GrassWatch Secret To Bolster Milk Yields

FARMING U.K - Increase milk production from grass by 500 litres/cow/year without incurring extra costs, says Mole Valley Farmers
calendar icon 16 March 2007
clock icon 3 minute read

Dairy herds which average 8,000 to 10,000 litres per cow per year could increase yield by up to 500 litres per cow per year, worth approximately £12,600 to a 140-cow enterprise, by making better use of grazed grass according to Mole Valley Farmers, whose unique new GrassWatch monitoring service enables producers to maximise milk from grazed grass for no additional expense.

Peter Isaac, a member of the company’s team of Feed Specialists in the South West, commented: “At 3 - 4p/kg dry matter, grazed grass is the cheapest ingredient which farmers can feed to their dairy cows, but 60% per cent of them over-estimate its true value and therefore fail to optimise the benefits of this valuable resource. Consequently, although the top-performing herds achieve more than 4,000 litres/cow/year from forage, the average is still only 2,500 litres/cow/year and most fall well below that figure, providing ample scope for improvement.

“GrassWatch will help farmers to understand precisely what level of nutrition their grass is capable of providing and get the best from it because grazing quality can, and does, vary greatly. Last year, for example, dry matter was the biggest variable and month-to-month fluctuations of over 30 per cent made it very difficult to formulate consistent rations, which is vital because every 1kg/day shortfall in dry matter intake represents two litres of milk production.

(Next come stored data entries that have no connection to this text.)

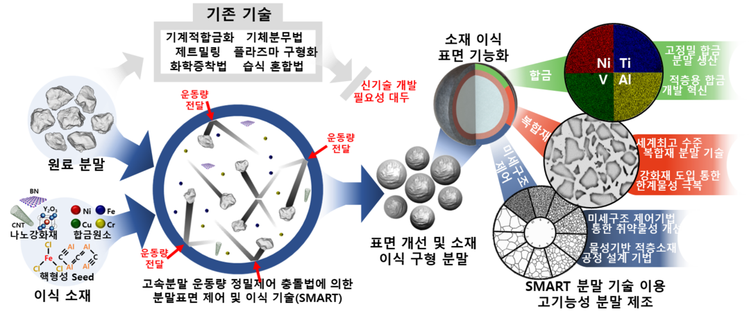 KAIST 원자력및양자공학과 류호진 교수 연구팀은 신소재 합금 및 금속복합재 개발에 필요한 고부가가치 분말을 생산하는 분말 표면 제어 및 강화 이식 기술을 개발했다. 이번 연구에는 한국원자력연구원(김재준 박사), 한국재료연구원(김정환 박사, 이동현 박사)이 참여했다.
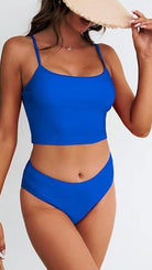 Este bikini de corte alto en un elegante tono azul combina un diseño moderno con un top largo que ofrece un ajuste cómodo y estilizado. Perfecto para realzar la figura y brindar libertad de movimiento, este traje de baño es ideal para quienes buscan sofisticación y comodidad en la playa o la piscina.
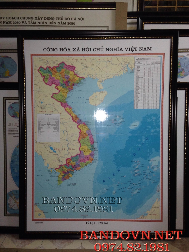 Bản đồ ĐÓNG KHUNG hoàn chỉnh các kích thước Quý khách Vui lòng liên hệ để có báo giá cụ thể.
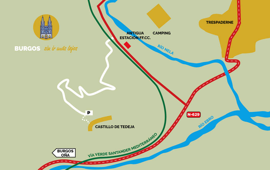 A la salida del impresionante desfiladero de La Horadada y en la misma confluencia de los ríos Ebro y Nela se alza el caserío de Trespaderne. Secular cruce de caminos, en sus inmediaciones se localizan las ruinas de una de las fortalezas más nombradas y con mayor contenido histórico de toda la alta Castilla: el castillo de Tedeja.
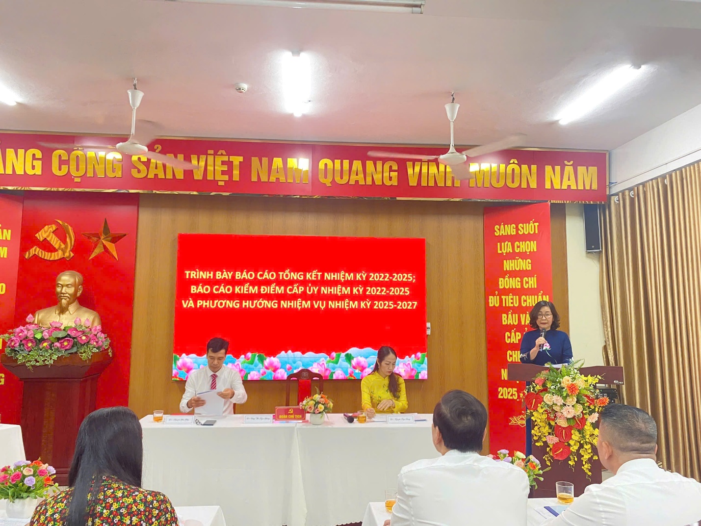 Đồng chí Đặng Thị Ngọc Hường - Bí thư Chi bộ trình bày Báo cáo tổng kết hoạt động của Chi bộ nhiệm kỳ 2022-2025;
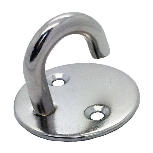 GS Products supply reliable A4 grade stainless steel round deck plates with hooks. These 5mm round deck plates have a hook and two countersunk holes for secure, professional fastening.
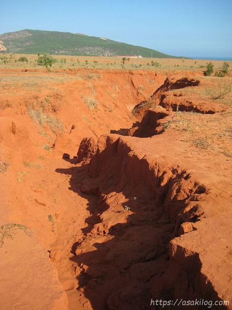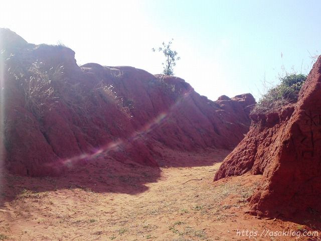 ん?単なる赤土?・・・地面にひび割れみたいなのがあるので近づいてみると・・・
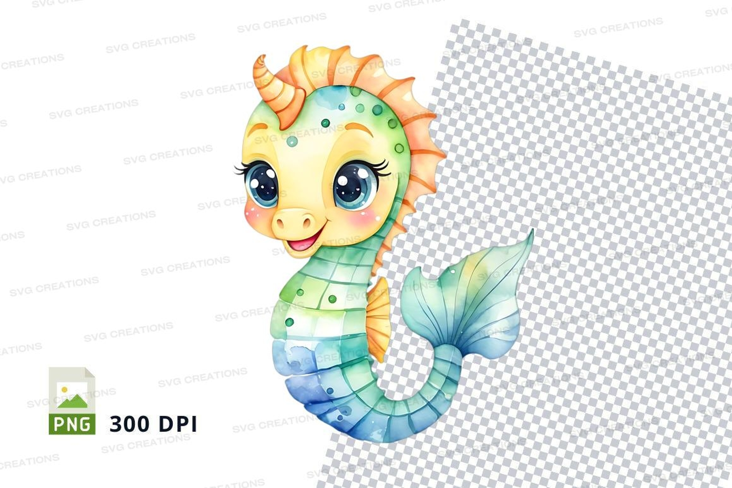 Illustration Cartoon Cute Green Friendly Blue Yellow Vibrant Seahorse Big Eyes
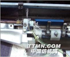 f.主噴嘴加裝緯紗夾(AGS),不引緯時用較小壓力的氣流在緯紗的垂直方向夾持住緯紗,防止彈力紗脫離主噴嘴(見圖 5—23);
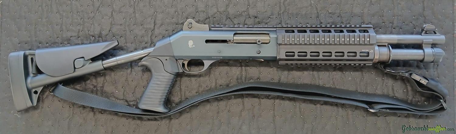 Benelli M4 Super 90, 37cm Lauflänge mit Teleskopschaft. Zusand: gebraucht, voll funktionsfähig. Behördenwaffe, Spezialeinheit "Leu". Gemäss Bild
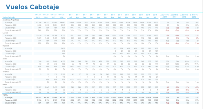 Pero AR logró julio vs julio con un 1% más vuelos tuvo un empate técnico en pasajeros, en el año acumula un 4% más de vuelos y pasajeros y desde 2015 creció un 30% en pasajeros y un 26% en vuelos
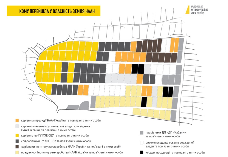 За даними слідства, упродовж 2013–2014 років посадовці НААН ініціювали ухвалення низки рішень, внаслідок яких понад 15 га державних земель незаконно перейшли в приватну власність. Йдеться про 138 ділянок у передмісті Києва (село Гатне), які мали статус особливо цінної землі й повинні були використовуватися винятково з дослідницькою метою.

If not compensated for, that will come from the cow’s body reserves, with a knock-on effect on fertility.”

With Compound feed prices set to rise significantly this summer in line with higher raw materials costs, Mole Valley Farmers says it is vital that farmers optimise milk production from forage. GrassWatch establishes exactly what grazed grass is worth to the individual herd and how much milk they can expect to produce from it.

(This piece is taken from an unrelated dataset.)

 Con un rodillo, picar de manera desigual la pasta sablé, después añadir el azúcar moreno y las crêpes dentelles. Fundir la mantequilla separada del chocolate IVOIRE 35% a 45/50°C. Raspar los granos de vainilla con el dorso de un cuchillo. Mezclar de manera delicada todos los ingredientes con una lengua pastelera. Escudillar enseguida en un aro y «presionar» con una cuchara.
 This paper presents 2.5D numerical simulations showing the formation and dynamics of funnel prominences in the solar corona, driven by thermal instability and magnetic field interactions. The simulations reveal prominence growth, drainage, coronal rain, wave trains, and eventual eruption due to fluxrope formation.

Mole Valley Farmers’ team of nutritionists sample grass on a monthly basis from March through until November across the company’s trading area from Wiltshire to Cornwall. This generates comprehensive information on dry matter, energy, crude protein, NDF and sugar contents, which when combined with detailed information about grass availability on individual farms, can be used to estimate the potential milk yield from forage, help to overcome nutritional shortfalls and highlight ways in which grazing management can be improved to better realise its potential.

GrassWatch can also include more comprehensive herd details and use them to generate the total potential milk yield from forage and concentrates. This enables the company’s nutritionists to tailor the use of compound feed to precisely meet individual herd requirements, generating further savings and/or increased production.

“Our Members expect us to help them get more out of their businesses and recommend what is in their best interests,” says Peter Isaac. “The GrassWatch service costs them nothing apart from a small amount of management time, yet has the potential to generate significant additional income.”